Defying the GOP unity trend, Washington Republicans, meeting at their state convention, voted Ted Cruz 40 of the 41 delegates they are sending to the GOP convention in Cleveland later this summer.
The vote was symbolic. Washington’s delegates are bound by party rules to vote for the winner of the state’s primary, which will be held this Tuesday. Trump is expected to waltz to victory as the only active candidate on the ballot.
But the gesture reflects some lingering disappointment with presumptive nominee Donald Trump and demonstrates that, while most Republicans are lining up behind the nominee, there are still pockets of resistance that Trump needs to overcome.
While GOP leaders stressed unity to defeat Democrats, including Hillary Clinton and Gov. Jay Inslee, some marquee statewide Republican candidates were declaring at the convention that they couldn’t vote for Trump — or were trying desperately to avoid the subject.

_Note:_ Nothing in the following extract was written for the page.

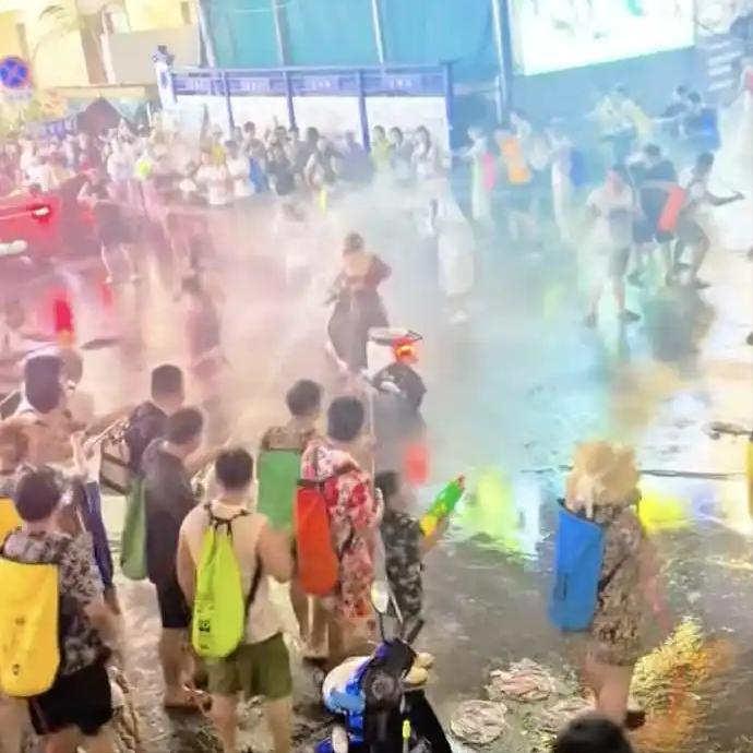 [石化]西双版纳泼水节两女子遭围堵喷射 泼水节首日,西双版纳景洪星光夜市路段,两

“The presidential race is its own deal,” GOP gubernatorial candidate Bill Bryant said after a Friday-night speech in which he didn’t mention Trump, but drew enthusiastic cheers as he vowed mass firings of ineffective Inslee-administration bureaucrats.
As he has all year, Bryant steadfastly refused to say whether he’d support Trump, telling reporters “the only people who ask me about it are you guys.”
Meanwhile, Chris Vance, a former state GOP chairman and current candidate for U.S. Senate, spent portions of a town-hall meeting Thursday explaining why he won’t support the likely GOP presidential nominee.
“Do you think I enjoy this? Not supporting the nominee? It’s unpleasant,” Vance said as some Republicans criticized him for failing to get behind Trump.
The state convention, which drew more than 1,600 state delegates to Pasco’s TRAC Center, was the final step in electing 41 delegates to the national GOP convention, where the GOP presidential nominee will be formally nominated. State GOP Chairwoman Susan Hutchison and two other party leaders also will head to Cleveland in July as automatic delegates.
The disciplined Cruz crowd in Pasco left even Trump’s state campaign chairman, state Sen. Don Benton, unable to nab a national delegate slot. Benton, R-Vancouver, ran unsuccessfully for at-large and congressional-district delegate positions.
Cruz backers voted in a slate of their own preferred delegates to send to Cleveland.
“The majority are taking a wait-and-see attitude” on Trump, said Saul Gamoran, Cruz’s state campaign chairman, who has also said he cannot vote for the New York billionaire.
Gamoran, who was elected a national delegate, said “constitutional conservatives” who backed Cruz are not looking to make trouble at this summer’s national convention. But he said they want to ensure their voices are heard as the party develops its platform and rules.
Some of the sentiments expressed by Cruz supporters at the convention suggest that many, if not most, will come around and support Trump in the end. That may reflect a national trend. A stark realization is taking hold among the #NeverTrump crowd that refusing to support Trump is the equivalent of a vote for Hillary. And for most conservatives, that’s just a bridge too far.
The closer to November we get, the more clarifying the choice. When the focus is entirely on Hillary Clinton as a possible president of the United States, no matter how much disgust Trump engenders in conservatives, the vast majority will no doubt give the candidate their support.